The Sierra Morena, connecting with Portugal’s Serra da Estrela, acts as a natural barrier between the countries and is home to the Aracena mountains, a protected area within the Sierra de Aracena and Picos de Aroche Natural Park. Despite high genetic diversity and low differentiation among these breeds, geographic isolation, environmental adaptation, and selective pressures may have contributed to some genetic differences, as reported for the same and other species [72,73,74].

Nei distances reveal moderate genetic differentiation among herds and municipalities of Andalusian Black cattle, which is likely influenced by geographic distance, limited gene flow, or local adaptation. However, there is minimal genetic variation among provinces, potentially due to historical transhumance or shared selection criteria.

When provinces are considered, genetic clustering illustrates relationships among them and their municipalities. Provinces like Sevilla, Huelva, and Córdoba show greater genetic relatedness, while Cádiz and Jaén exhibit less connection, which is possibly due to geographic isolation or environmental differences.

Territorial segregation plays a crucial role in preserving genetic diversity in endangered native cattle breeds. By restricting movement and interbreeding to specific regions, unique genetic traits can be maintained, preventing dilution of the gene pool from crossbreeding. This approach facilitates focused breeding programs tailored to local environments, ensuring the conservation of valuable genetic adaptations. Overall, territorial segregation supports the long-term survival and sustainability of endangered breeds.
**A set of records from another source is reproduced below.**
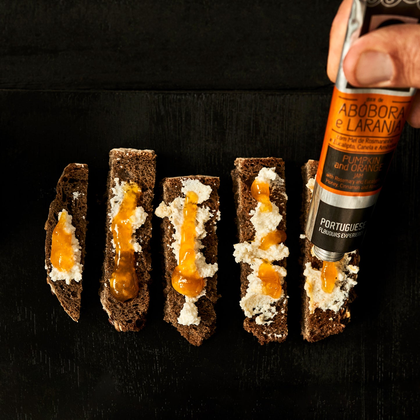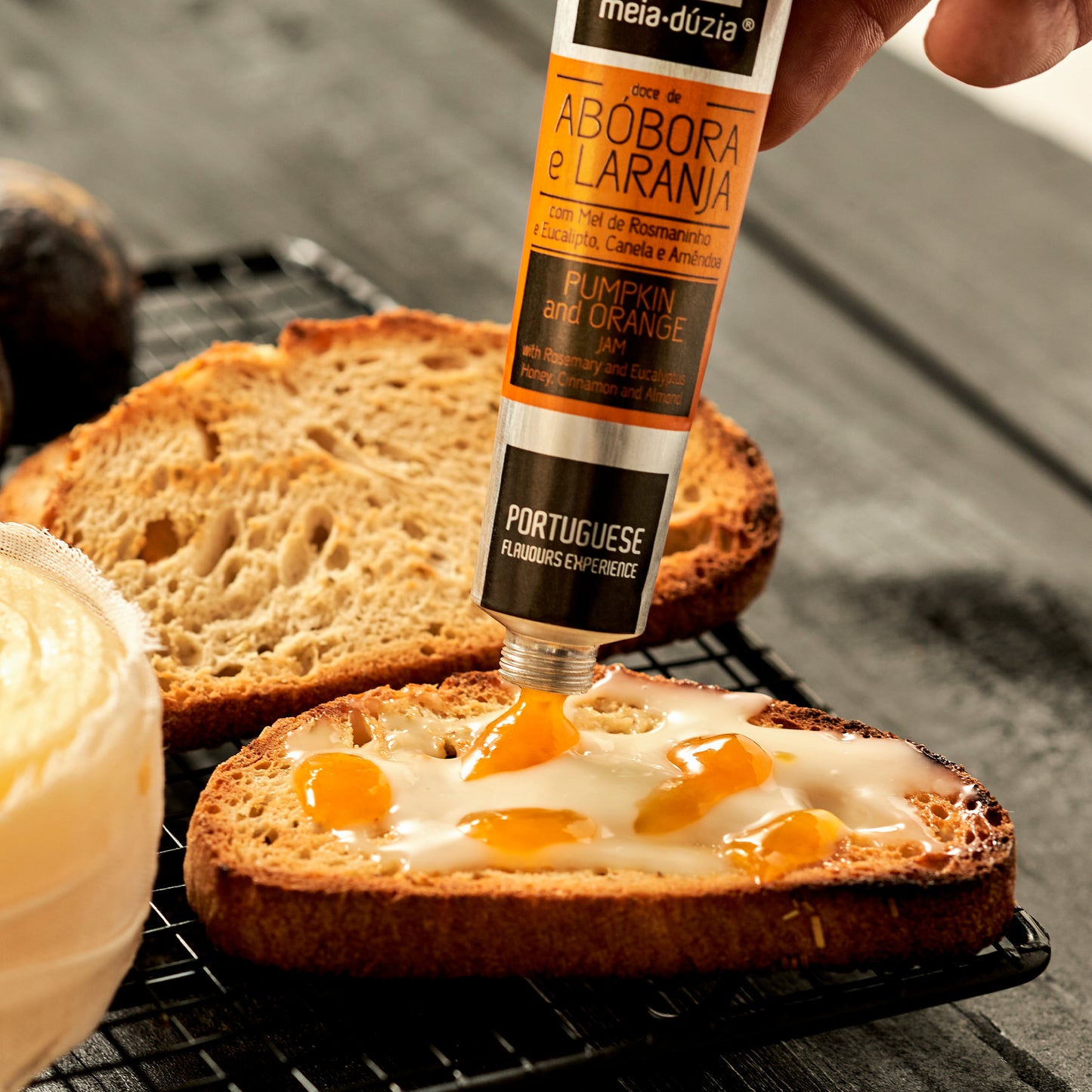 - Smoked salmon and cottage cheese toast with pumpkin and orange jam with cinnamon and almonds meia.dúzia® - Chef Álvaro Costa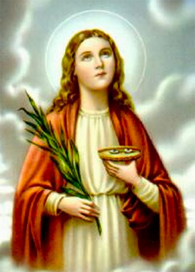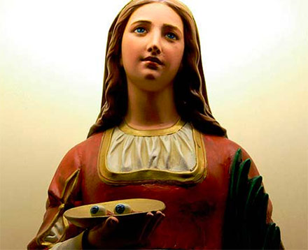 Martirologio Romano: Memoria de santa Lucía, virgen y mártir, la cual, mientras vivió, conservó encendida la lámpara esperando al Esposo, y llevada al martirio en Siracusa, ciudad de Sicilia, mereció entrar con Él a las bodas y poseer la luz indefectible († c. 304).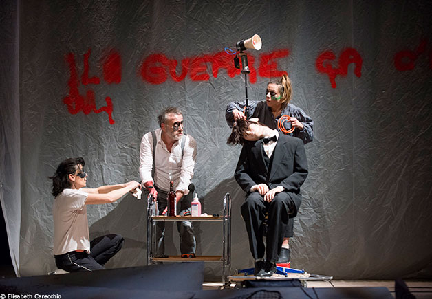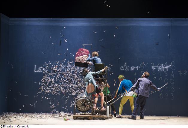 Après le désastre de la Première Guerre mondiale, les Dadaïstes veulent en finir avec la morale bourgeoise. Ils ne croient plus en l’art ni au monde dans lequel ils vivent et décident d’en créer un nouveau, empli de fantaisies, de libertés, de folies et de scandales. Le mouvement artistique Dada est né. Qu’en reste-t-il aujourd’hui ? Quelles traces révolutionnaires a t-il laissé ? Peut-on encore jouer avec ? C’est la question que se pose Alice Laloy, frappée par la proximité entre guerre d’hier et guerre d’aujourd’hui, crise d’hier et crise d’aujourd’hui. Un seul mot d’ordre ici : s’emparer de pinceaux, de ciseaux, de marteaux, de poésie, de clous et de colle et être libre !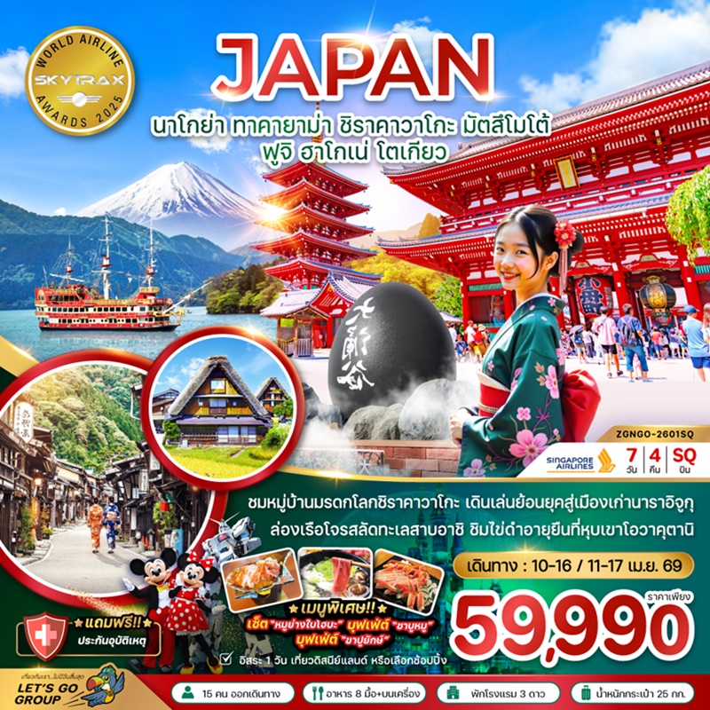 ทัวร์ญี่ปุ่น นาโกย่า ทาคายาม่า ชิราคาวาโกะ มัตสึโมโต้ ฟูจิ ฮาโกเน่ โตเกียว 7 วัน 4 คืน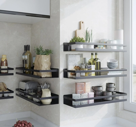 The shelf’s universal look fits perfectly in modern, loft, and rustic interiors. Installation is quick and simple—everything you need is included in the box. Use it not only in the bathroom, but also in the kitchen as a spice rack or for canisters with pasta, rice, and coffee.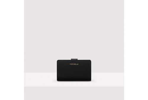 COCCINELLE Metallic Soft E2MW511E701. Questo portafoglio della linea Metallic è impreziosito dal logo Coccinelle in metallo. Pratico e capiente, risulta perfetto per la sua dimensione lunga ma compatta. Internamente è organizzato al meglio per avere sempre il necessario a portata di mano. Questo modello è realizzato in pelle lavorata tramite specifici macchinari e poi bottalata al fine di mantenerne la morbidezza. È una pelle molto resistente che si presta a una facile pulizia, ideale per un uso quotidiano.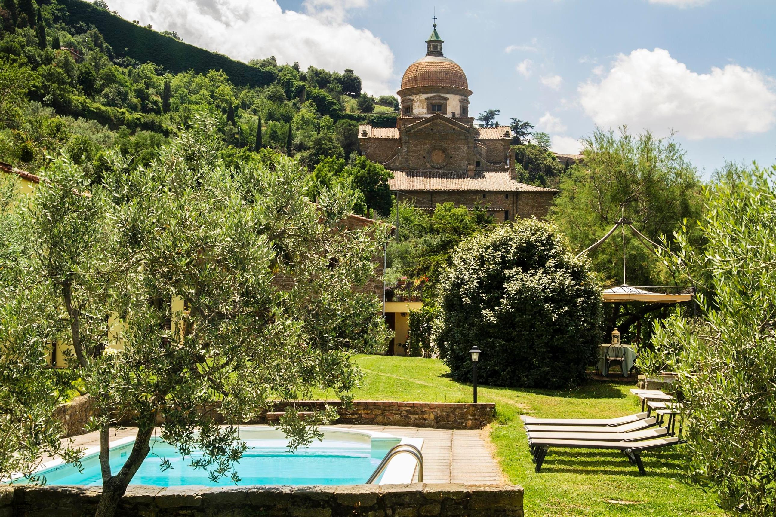 Eingebettet in das Herz der Toskana, nur wenige Schritte von der alten etruskischen Stadt Cortona (500 Meter), Die Orangerie degli Ulivi ist der ideale Ort, wo Sie eine unvergessliche Erfahrung leben können. Das Anwesen genießt einen der schönsten Ausblicke auf die Hügel von Cortona, dank seiner strategischen Lage blickt es über die ValdiChiana, Cortona, Sant'Egidio und die schöne Kirche Santa Maria Nuova, ein Meisterwerk der Architektur und Charme, in einer gyroskopischen Weise. Die Orangerie degli Ulivi liegt fernab vom Verkehrslärm in einem Szenario, in dem das Grün, die Olivenbäume und die typischen Terrassen dieses besonderen Hügelkegels einen Ort von seltener Schönheit und starker visueller Wirkung schaffen.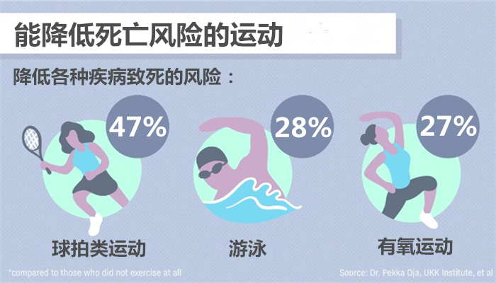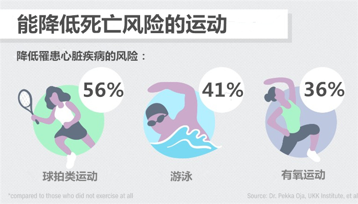 三种运动——游泳、有氧运动和球拍运动——能显著降低心脏疾病和其他疾病致死的风险。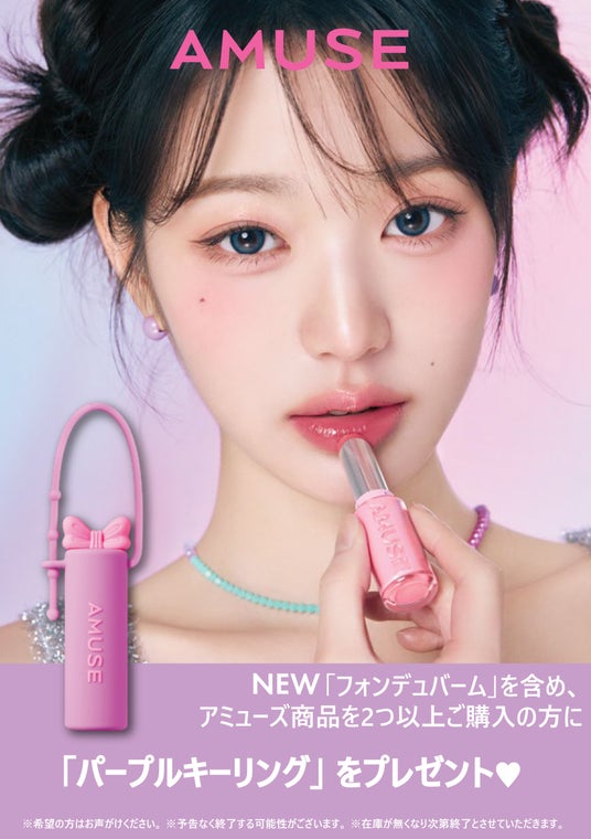 対象の店舗(※2)で「フォンデュバーム」を含めたアミューズ商品を2つ以上ご購入のお客様に、フォンデュバームを入れて持ち歩けるトレンディな「パープルキーリング」を先着贈呈いたします。

As part of future strategies, exploring the runs of homozygosity in the Andalusian Black cattle population using genomic data is recommended. This approach would significantly enhance the depth of the study and enable the validation of findings across different populations. Leveraging genomic data allows for a more comprehensive understanding of the genetic structure, diversity, and potential inbreeding patterns within this breed. Moreover, analyzing runs of homozygosity can provide valuable insights into the historical demography, selection pressures, and adaptation mechanisms of Andalusian Black cattle. Ultimately, integrating genomic analyses into the research framework will contribute to more informed conservation and breeding strategies aimed at preserving the unique genetic heritage of this endangered breed.

5. Conclusions

The Andalusian Black cattle breed has suffered a population decline due to factors like mechanization and foreign breed introduction. Initiatives such as the 2004 formation of the Association of Breeders of the Andalusian Black Cattle Breed and 2012 endangered status designation have boosted registrations. Nevertheless, the current population remains significantly reduced, and is influenced by foreign breeds and crossbreeding. Breeding practices indicate a decline in bulls and an increase in cows, potentially impacting genetic diversity. Selection trends favor cows over bulls, contributing to a high inbreeding coefficient (F). While the Genetic Conservation Index (GCI) has improved, it remains lower than for other breeds. Genetic diversity is imbalanced among founders, posing a risk of a bottleneck. Analysis at different levels reveals low-to-moderate inbreeding and differentiation. Genetic distances suggest some geographic influence, with provinces showing minimal differentiation. The municipalities located in the mountains of Aracena may have acted as a reservoir of genes of the populations where diversity was boosted around the end of Eastern and Western Sorian Cañadas Reales. Historical transhumance routes, like the Cañadas Reales, may have connected provinces. Geographic and ecological factors also influence genetic diversity. Challenges include historical bottlenecks, demographic changes, and potential reproductive impacts. Focus should be on maintaining genetic diversity, reducing inbreeding, and addressing demographic shifts. Continued genealogical registration, targeted breeding, and collaboration are crucial. Monitoring and adjusting selection practices for a balanced contribution from both sexes is vital for sustainable diversity.